*Your assignment*: Using the listing below, copy every line that mentions "Clutch".

*Data*:
=== Section Start ===

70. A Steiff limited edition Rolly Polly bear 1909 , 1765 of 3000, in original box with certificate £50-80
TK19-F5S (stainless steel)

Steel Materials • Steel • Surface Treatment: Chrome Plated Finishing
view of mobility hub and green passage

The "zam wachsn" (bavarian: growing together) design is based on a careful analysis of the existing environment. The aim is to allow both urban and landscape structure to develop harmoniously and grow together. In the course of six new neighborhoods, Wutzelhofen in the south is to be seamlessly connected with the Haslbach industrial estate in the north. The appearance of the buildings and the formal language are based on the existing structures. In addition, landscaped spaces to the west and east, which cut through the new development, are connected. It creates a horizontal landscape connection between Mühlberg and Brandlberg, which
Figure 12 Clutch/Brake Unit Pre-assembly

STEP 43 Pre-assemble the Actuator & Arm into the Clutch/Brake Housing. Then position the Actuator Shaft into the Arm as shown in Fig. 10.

=== Section End ===
=== Section Start ===

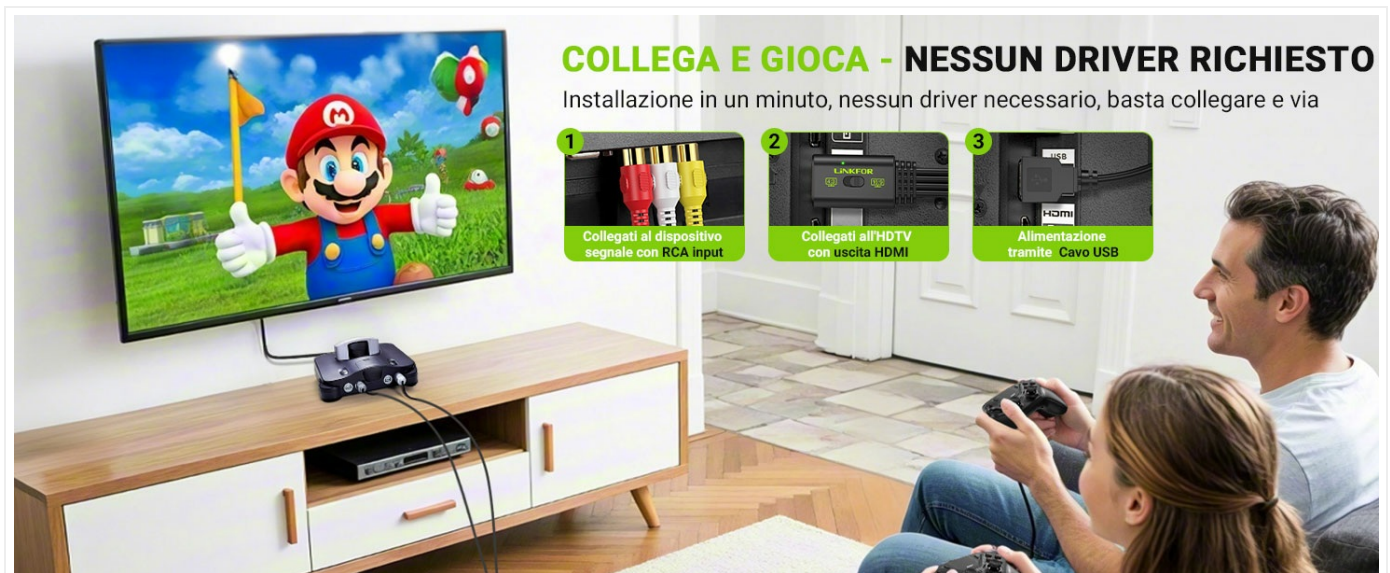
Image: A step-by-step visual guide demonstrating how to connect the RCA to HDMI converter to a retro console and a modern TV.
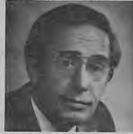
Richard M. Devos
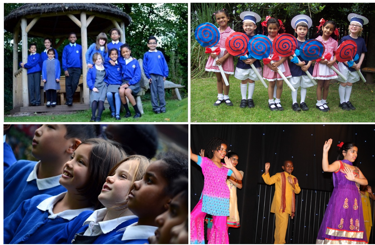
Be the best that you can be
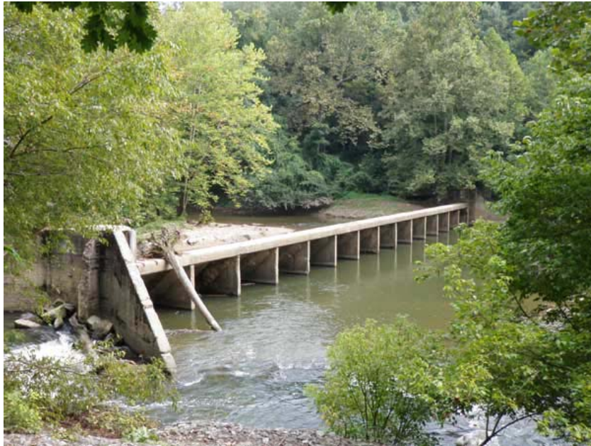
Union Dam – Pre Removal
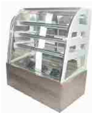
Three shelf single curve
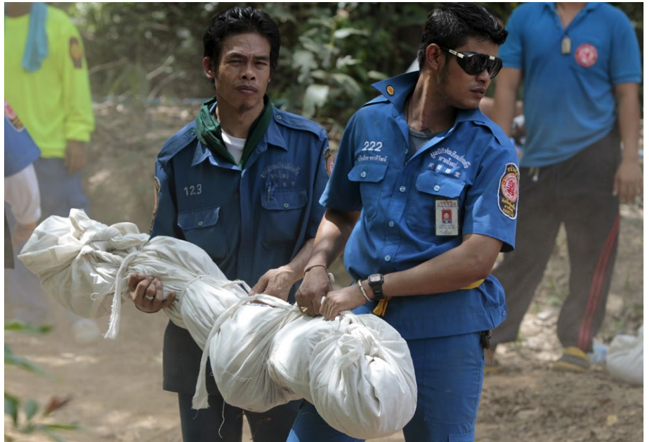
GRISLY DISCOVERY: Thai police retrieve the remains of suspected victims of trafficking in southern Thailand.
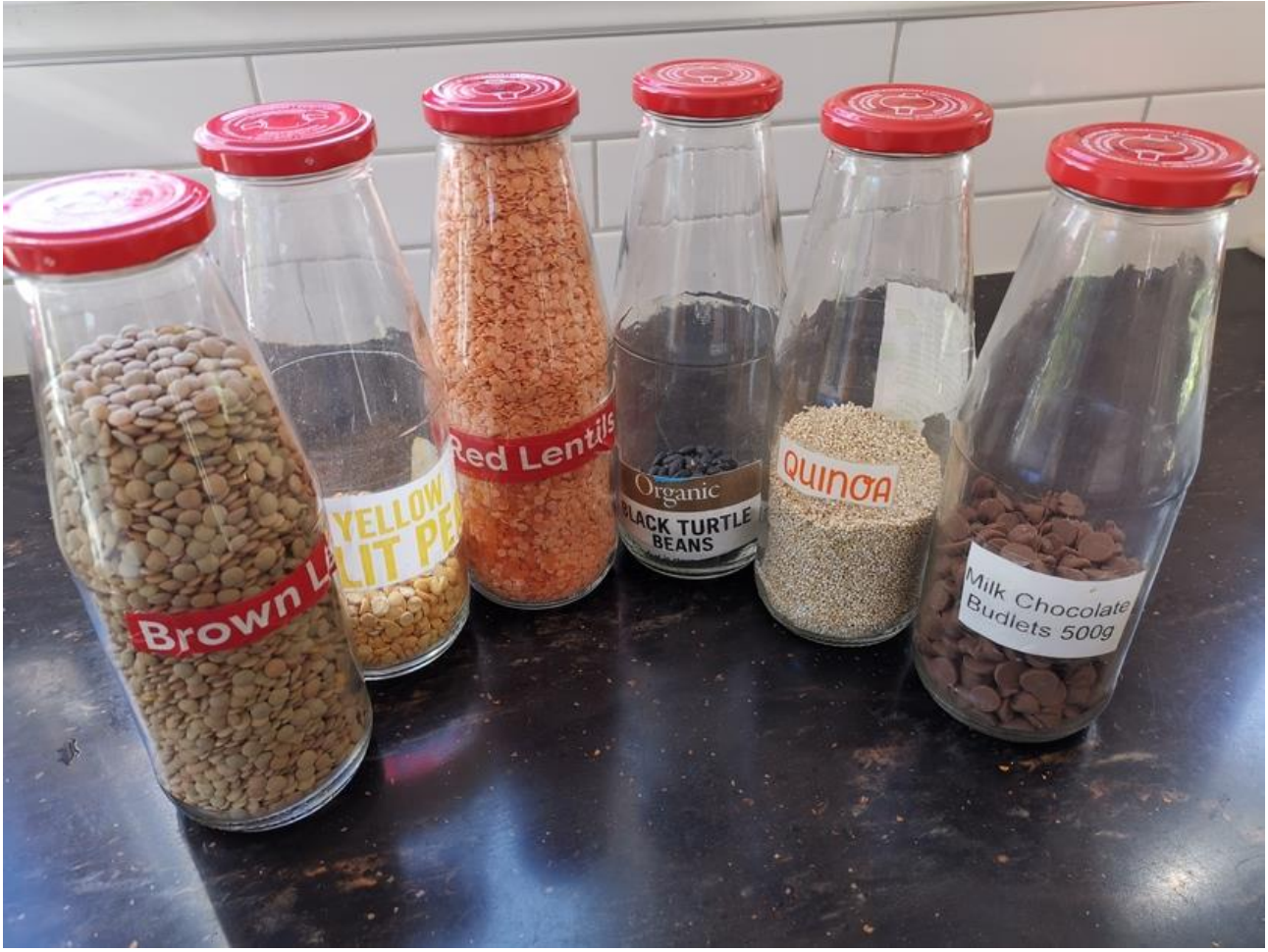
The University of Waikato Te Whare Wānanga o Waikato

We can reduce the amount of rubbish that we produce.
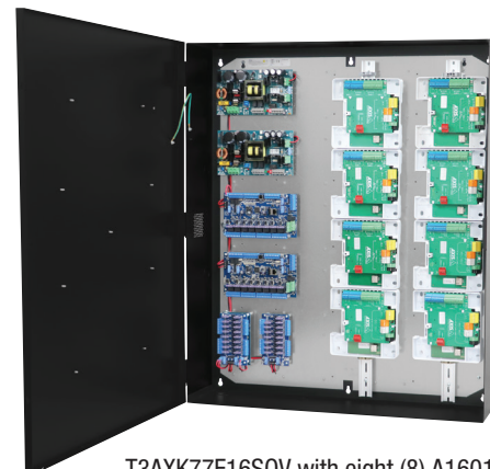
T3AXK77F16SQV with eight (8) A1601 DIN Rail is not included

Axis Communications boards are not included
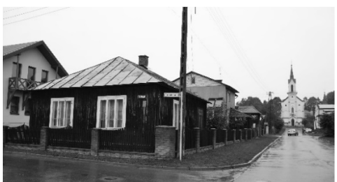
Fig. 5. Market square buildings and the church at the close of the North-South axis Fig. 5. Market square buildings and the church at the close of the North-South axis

=== Section End ===
=== Section Start ===

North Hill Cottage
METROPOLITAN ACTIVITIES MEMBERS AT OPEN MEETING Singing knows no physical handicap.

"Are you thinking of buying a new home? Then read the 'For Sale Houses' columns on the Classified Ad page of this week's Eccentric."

=== Section End ===

*Response to this task*:
Figure 12 Clutch/Brake Unit Pre-assembly
STEP 43 Pre-assemble the Actuator & Arm into the Clutch/Brake Housing. Then position the Actuator Shaft into the Arm as shown in Fig. 10.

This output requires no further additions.